The workers, under the aegis of the Maritime Workers Union of Nigeria, in a statement made available to our correspondent on Thursday, stressed that until a counter directive was issued by NLC and TUC, all the nation’s ports would be closed from Monday, warning that labour would not tolerate any sabotage.
According to the President-General, MWUN, Mr. Nted Emmanuel, the planned strike is a call to duty to save the Nigerian masses from untold hardship, which the subsidy removal will bring.
He noted that though the union had no grievance with the terminal operators, it decided to join the struggle against the withdrawal of subsidy in the interest of the masses.
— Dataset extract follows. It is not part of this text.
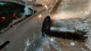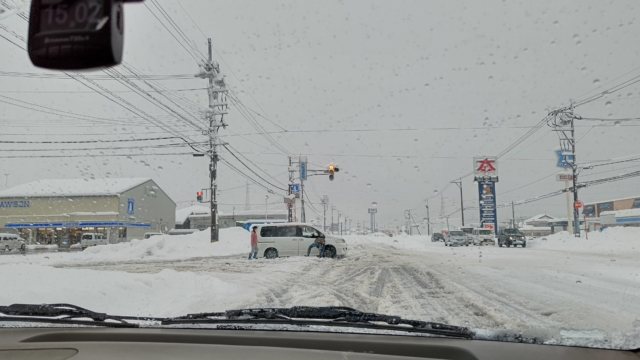15時2分 富山県氷見市の交差点で自動車が立ち往生していました。車中泊で移動する予定ですが、水と食料の確保が渋滞に巻き込まれると困難になるので、今のうちに買い込んでおくことにします。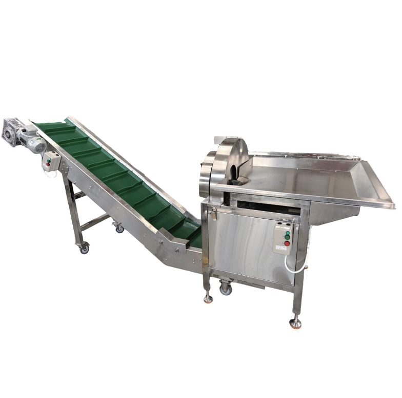 Tự Động Hóa, Tiết Kiệm Nhân Công: Máy được tích hợp băng chuyền tự động tại cửa ra, giúp vận chuyển nguyên liệu đã cắt ra ngoài một cách nhanh chóng, thuận tiện cho khâu chế biến tiếp theo, nâng cao hiệu suất tổng thể.

Emmanuel said, “We want to inform operators in the maritime sector and all those who have any business to do in the ports to ensure such business is done from now till Sunday, January 8, 2012.
“From Monday, January 9, the entire ports will be shut down in line with NLC directive over the recent hike in the pump price of petrol. We will not tolerate any act of sabotage from any operator. Unless we get a counter directive from the NLC, the ports will remain shut throughout the duration of the strike. All well meaning Nigerians should join labour to make our leaders do our wish.”
He added, “We are worried that instead of addressing the security challenge that has traumatised and demoralised Nigerians, the government decided to inflict more hardship on the already pauperised citizens.
“We talk of foreign investment, but there will not be foreign investment if government keeps on chasing shadows instead of practically addressing insecurity in the country. We need prayers for our leaders to do the right things and listen to the voice of the people.”
Meanwhile, the Managing Director, Nigerian Ports Authority, Mr. Sulaiman Omar, has provided a clue on why the nation’s ports have not been attractive to importers.
According to him, the ports are overstretched, as they currently handle about 100 million cargoes a year, which is 150 per cent more than they were designed for.
Omar, who said this in an interview in Lagos on Thursday, noted, “Our ports are designed to handle cargoes of about 40 million. In 2010, we handled 80 million, and last year, 100 million; the ports are overstretched.
“We have exceeded their designed capacity; the port designs then were the old designs of maximum of 13 or 14 metres draught.”
“To measure up and remain relevant, we need to attract bigger cargoes of 10,000 TEU, to draw about 16m or 17m draught. But our ports are not designed for that. So, we need deep ports and that is the only way the shipping cost will be reduced,” the NPA boss added.